RECORDS ▸
- - - -

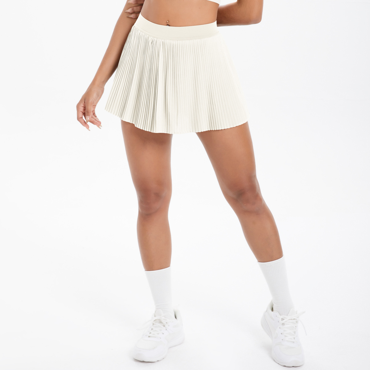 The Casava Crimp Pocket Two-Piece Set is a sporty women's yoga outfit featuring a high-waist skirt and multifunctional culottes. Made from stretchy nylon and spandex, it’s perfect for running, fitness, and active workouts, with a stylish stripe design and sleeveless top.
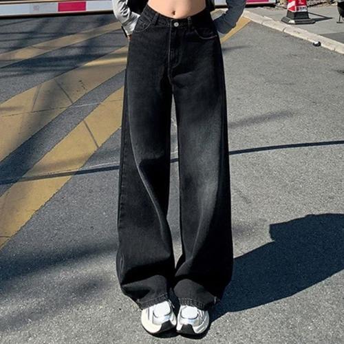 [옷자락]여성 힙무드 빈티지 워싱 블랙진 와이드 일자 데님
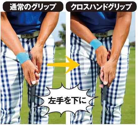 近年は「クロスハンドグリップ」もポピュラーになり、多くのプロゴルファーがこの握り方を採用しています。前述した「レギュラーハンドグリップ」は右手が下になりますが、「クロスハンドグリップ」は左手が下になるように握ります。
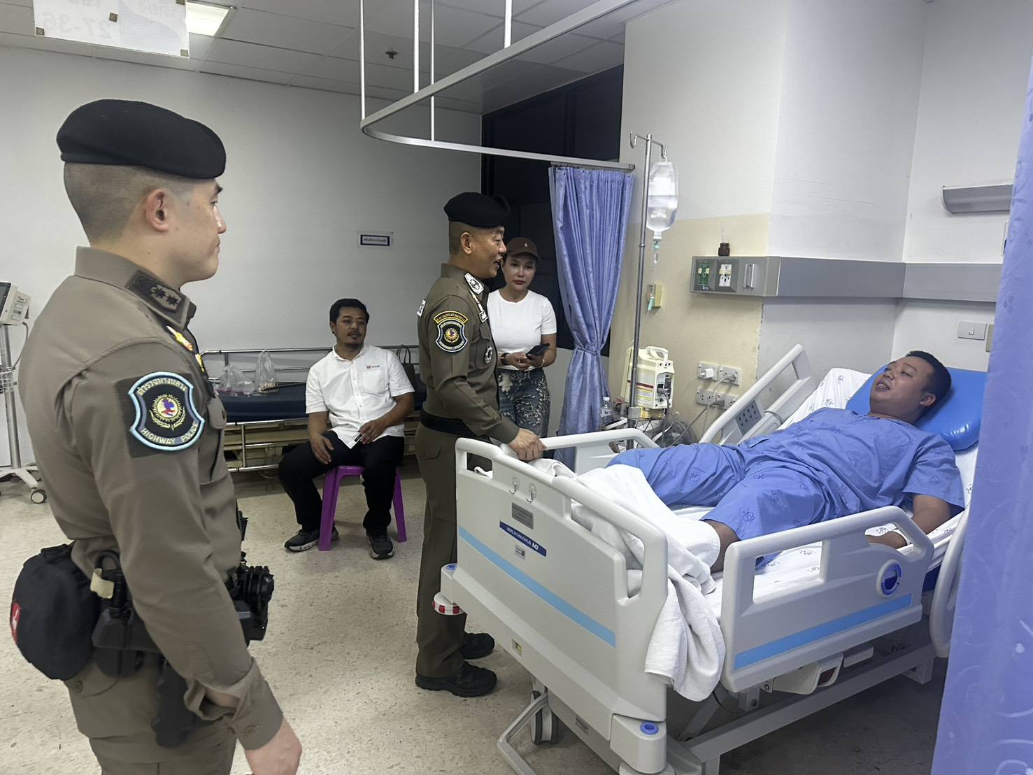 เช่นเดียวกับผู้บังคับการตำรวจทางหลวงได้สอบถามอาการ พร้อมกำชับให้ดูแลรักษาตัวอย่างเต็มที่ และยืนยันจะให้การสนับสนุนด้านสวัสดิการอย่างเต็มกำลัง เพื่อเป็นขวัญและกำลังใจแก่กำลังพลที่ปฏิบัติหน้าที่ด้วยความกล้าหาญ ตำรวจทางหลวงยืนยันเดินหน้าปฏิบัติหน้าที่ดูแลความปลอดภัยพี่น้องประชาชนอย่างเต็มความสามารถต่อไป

- - - -

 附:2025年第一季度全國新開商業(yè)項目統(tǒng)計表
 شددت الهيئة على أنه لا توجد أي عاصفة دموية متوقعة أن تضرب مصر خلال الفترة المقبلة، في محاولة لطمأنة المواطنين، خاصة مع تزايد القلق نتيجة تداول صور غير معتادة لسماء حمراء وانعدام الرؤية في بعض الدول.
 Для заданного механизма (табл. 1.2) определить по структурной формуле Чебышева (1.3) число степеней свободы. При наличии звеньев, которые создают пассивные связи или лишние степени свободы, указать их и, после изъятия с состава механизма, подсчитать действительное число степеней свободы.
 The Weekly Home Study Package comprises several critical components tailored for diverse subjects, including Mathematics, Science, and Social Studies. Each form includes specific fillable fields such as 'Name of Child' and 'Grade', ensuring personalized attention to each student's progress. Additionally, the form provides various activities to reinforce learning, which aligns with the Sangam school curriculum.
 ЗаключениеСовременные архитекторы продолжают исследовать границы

- - - -

GOAL OF THE EXERCISE ▸
The expected answer is an exact copy of the lines above, beginning at the line with "شددت الهيئة على" and ending at the line with "Для заданного механизма", with both ends in.

SOLUTION TO THIS EXERCISE ▸
 شددت الهيئة على أنه لا توجد أي عاصفة دموية متوقعة أن تضرب مصر خلال الفترة المقبلة، في محاولة لطمأنة المواطنين، خاصة مع تزايد القلق نتيجة تداول صور غير معتادة لسماء حمراء وانعدام الرؤية في بعض الدول.
 Для заданного механизма (табл. 1.2) определить по структурной формуле Чебышева (1.3) число степеней свободы. При наличии звеньев, которые создают пассивные связи или лишние степени свободы, указать их и, после изъятия с состава механизма, подсчитать действительное число степеней свободы.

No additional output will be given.